Mechanical Thrombectomy – Faster than Ever

Hildegard Kaulen, PhD |  01-02-2016

When caring for a patient with acute ischemic stroke, Professor Martin Bendszus and his team are racing against the clock. Using a combination of a CT scanner and mobile C-arm they cut the transfer time between stroke diagnosis and mechanical thrombectomy. The patient is diagnosed and treated in the same room on the same table, without transfer. Already in the first three patients, picture-to-puncture time was as little as 35 minutes.

Photo: Carsten Buell


The world of stroke has changed. For a long time, the only proven effective treatment for acute ischemic stroke was intravenously administered thrombolysis with recombinant tissue-type plasminogen activator (r-tPA). Now, mechanical thrombectomy has advanced to become an important option.

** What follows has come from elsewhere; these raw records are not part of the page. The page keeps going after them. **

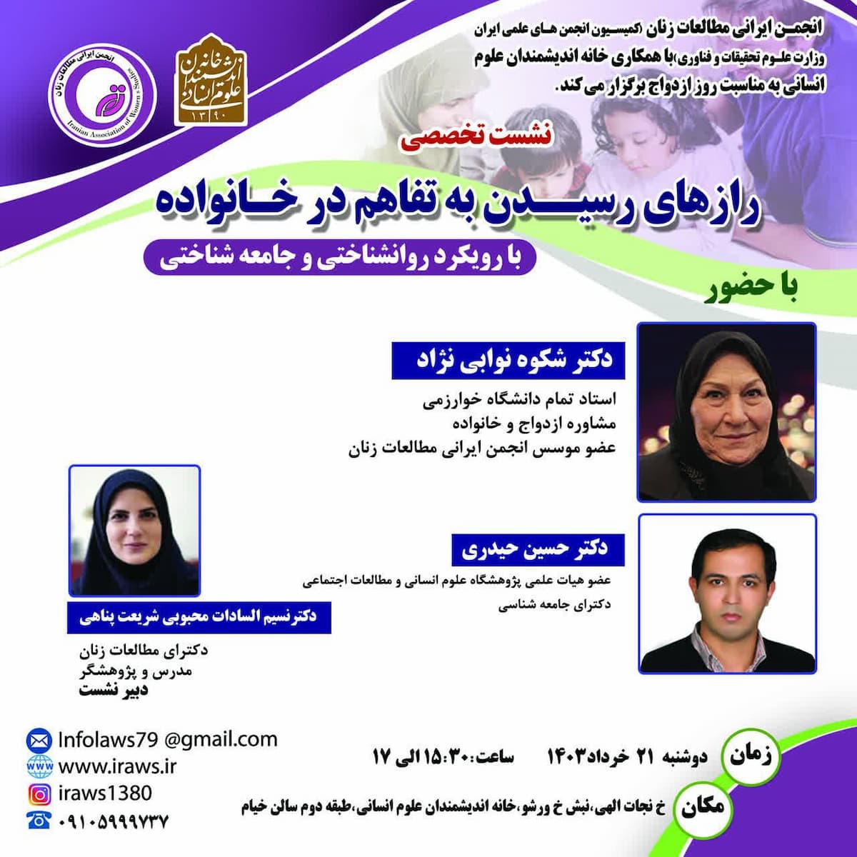 به گزارش روابط عمومی خانه اندیشمندان علوم انسانی، نشست "رازهای رسیدن به تفاهم در خانواده" به همت انجمن ایرانی مطالعات زنان و با همکاری خانه اندیشمندان علوم انسانی، روز دوشنبه 21 خرداد 1403 ساعت 15:30 در سالن خیام خانه اندیشمندان علوم انسانی برگزار می شود.
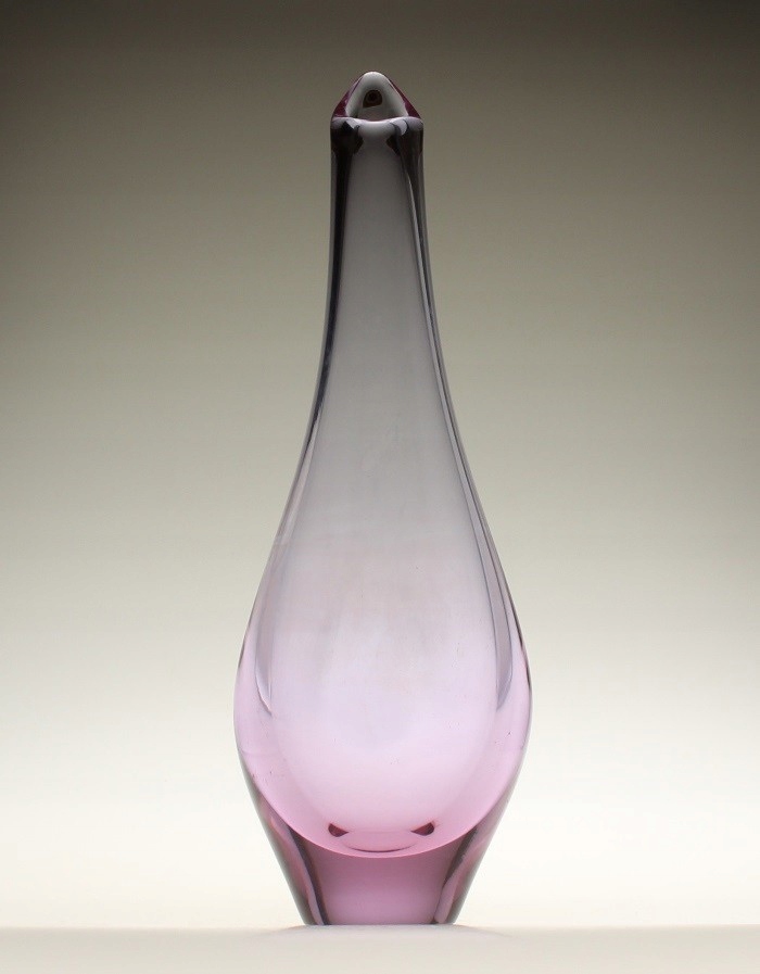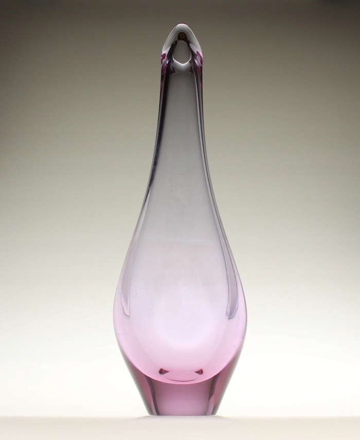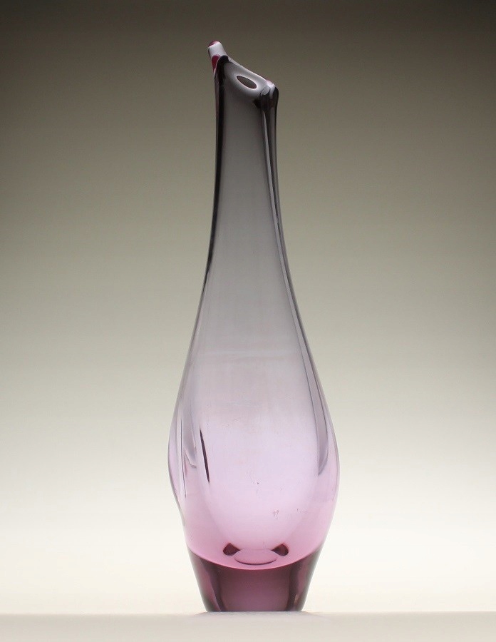 Ваза из натриевого стекла ручной работы цвета розово-аметист. Произведен на Железнобродском стекольном заводе. Чехословакия, 1960-е годы.
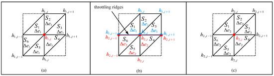 In solving the Reynolds equation using FEM, the thickness of the air film at each node in the computational domain depends on the thickness of the air film in the element to which it belongs. When all elements are located at the front end of the air film, as shown in Figure 5a, the thickness of the air film at the nodes of these elements is determined by the thickness h1,j of the air film at the front end, and the area of the elements is represented by Δe1. For nodes located at the throttling ridges, as illustrated in Figure 5b, the thickness of the air film is specified as follows: when the element (S1, S2, S3) to which the node σi,j belongs is located at the front end of the air film, the thickness of the air film at that node is h1,j, and the area of the element is Δe1; when the element (S4, S5, S6) to which the node σi,j belongs is located at the rear end of the air film, the thickness of the air film at that node is h2,j, and the area of the element is Δe2. When all elements are located at the rear end of the air film, as depicted in Figure 5c, the thickness of the air film at the nodes of these elements is determined by the thickness h2,j of the air film at the rear end, and the area of the elements is represented by Δe2.
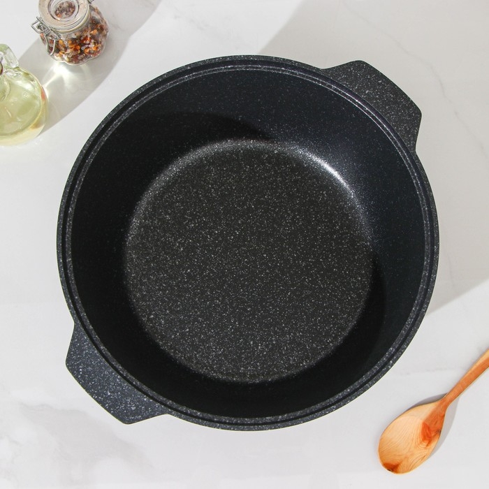 Жаровня «Гранит Black» Induction Pro, 3 л, d=28 см, стеклянная крышка, антипригарное покрытие, индукция, цвет чёрный
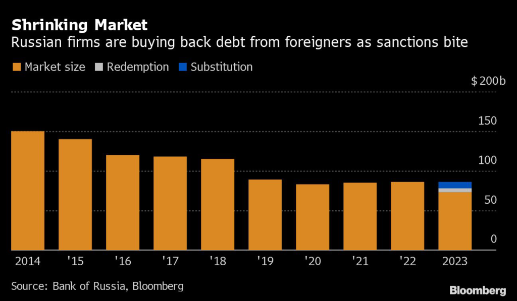 The actions have shrunk Russia’s international bond market, worth $85.6 billion before the invasion, by about $12.7 billion.
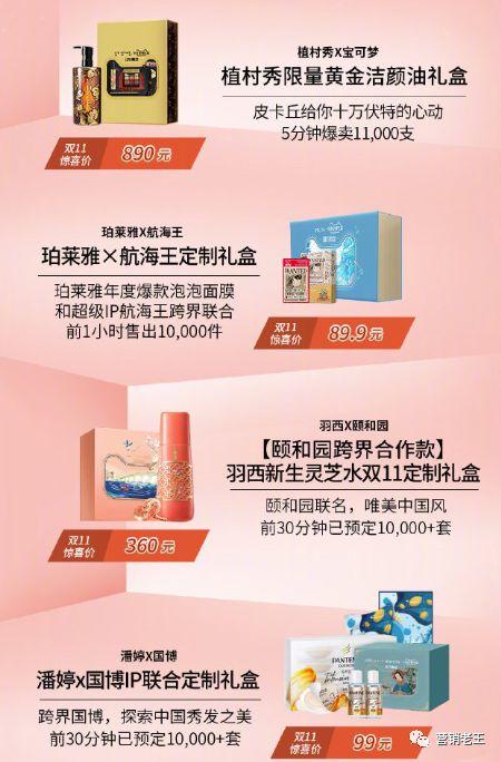 今年双11,天猫联合215个超级大牌(sum37、后、雅诗兰黛、赫莲娜、娇兰、华为等),推出了241款好货进行联合礼盒定制,打响了新品传播。
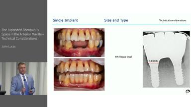 This lecture is accompanied by two more lectures covering the surgical considerations and the restorative considerations when looking at the expanded edentulous space in the anterior maxilla. The series highlights the necessity of communication and teamwork among the involved specialists to be successful with their treatment of the case.

Clinical studies with intriguing names such as MR CLEAN, ESCAPE, EXTEND-IA, SWIFT-PRIME, and REVASCAT have demonstrated that interventional clot retrieval improves the outcome for certain stroke patients.
The evidence was so convincing that the American Heart Association/American Stroke Association updated its guidelines back in June – giving the strongest recommendation possible for patients who meet certain criteria: class 1, level of evidence A.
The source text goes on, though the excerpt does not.